In the 50’s I loved camping, even the organised stuff experienced with my local company of the Boys Brigade that camped in Fife every summer at Dairsie near Coupar. I preferred wild camping and my first attempt at about 13yrs old was at Lumley Den in the Sidlaw hills behind Dundee in the mid 1950’s (not really very wild – but a start). It was the simple things that I loved – brewing up “tinkie” tea or frying up sausages and bacon in a mess tin and usually burning them into a frazzle, as we cooked when the fire was blazing due to our inexperience (no Ray Mears in those days). My first outing on the hill was as a member of the Air Training Corps in 1958 (Jim Morrison was also a member of 1232Sqdn in Dundee at this time). We walked up Auchterhouse Hill of the Sidlaws range just behind Dundee.
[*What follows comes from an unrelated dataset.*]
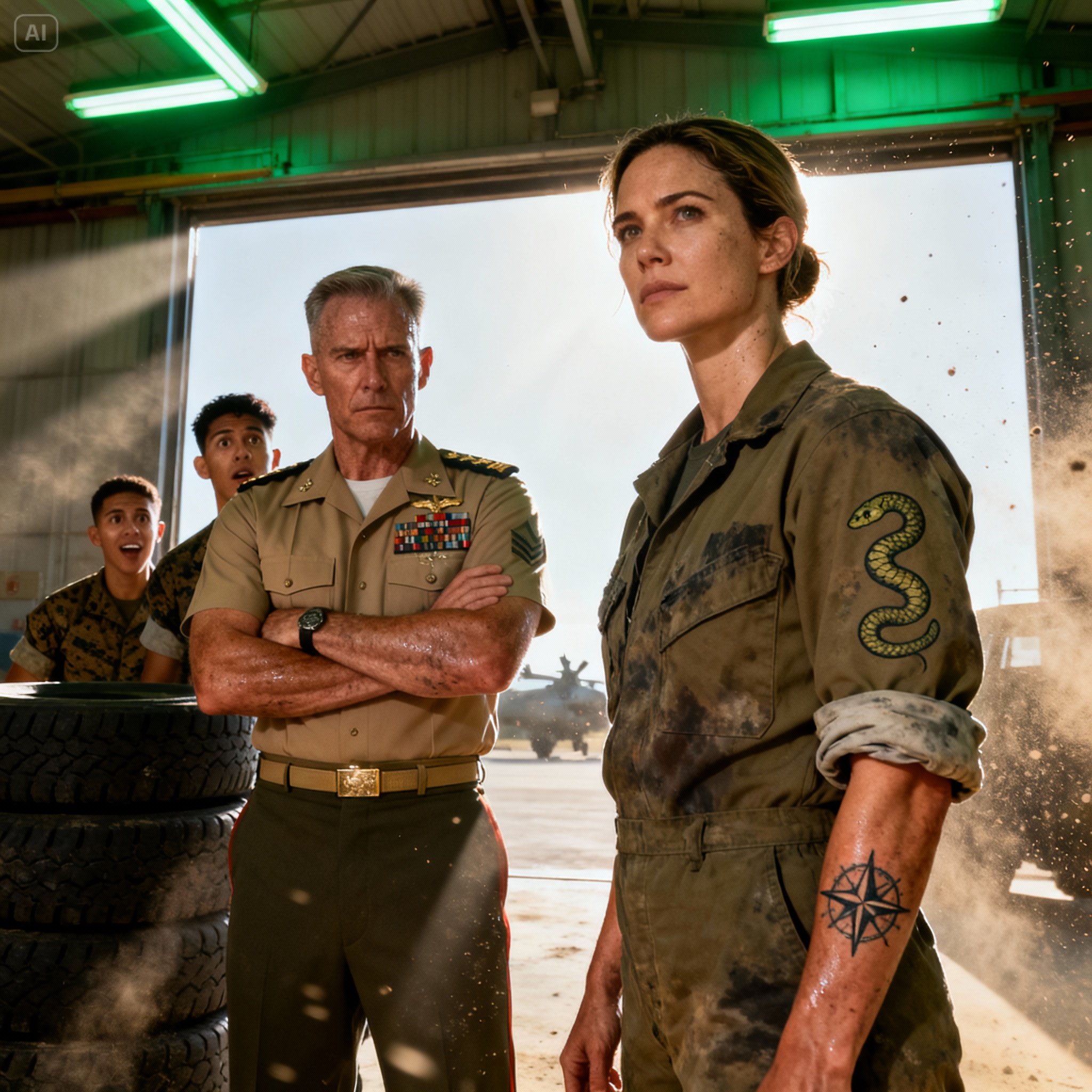 When he reached Monroe’s bay, the fragile tension broke. Mason, unable to resist the opportunity, leaned back against a workbench with a theatrical smirk. “Guest mechanics these days, sir,” he said, his voice just loud enough for the Colonel to hear, nodding pointedly at the tattoo on Monroe’s forearm. “They come with souvenirs.” He paused for effect. “You ink that yourself, Sergeant, or did the wrench slip?”

The leader had an old aircraft altimeter and used it to gauge our height.  (Little did I know that I would repair and calibrate these instruments when I enlisted in the RAF.) We wandered along the ridge over the highest top, Craig Owl with its radio masts, down across the road at Lumley Den, over Finlarig Hill and down for a pickup near Glamis at Arniefouls. It was great!  From the Sidlaws we could see the Angus Glens to the north, seeming to beckon me towards them – I lived at the bottom of the Dundee Law, an extinct volcano in the middle of Dundee, and often walked to the top to gaze over to Fife in the south and the Sidlaws to the north. From there I could see Gloster Meteors taking off from RAF Leuchars My basic climbing technique was developed climbing around the yards and factories of Dundee’s jute mills, which usually had to be accessed (illegally) by climbing over walls, up drainpipes or gas lights. Gutters were often made of cast iron which could hold the weight of a young lad hand traversing. Negotiating across corrugated iron roofs in tackety boots taught me how to use the bolt heads as the only means of ascent – handy for slab climbing in later years! Mantleshelfing on to the roofs of air raid shelters proved useful in later times too.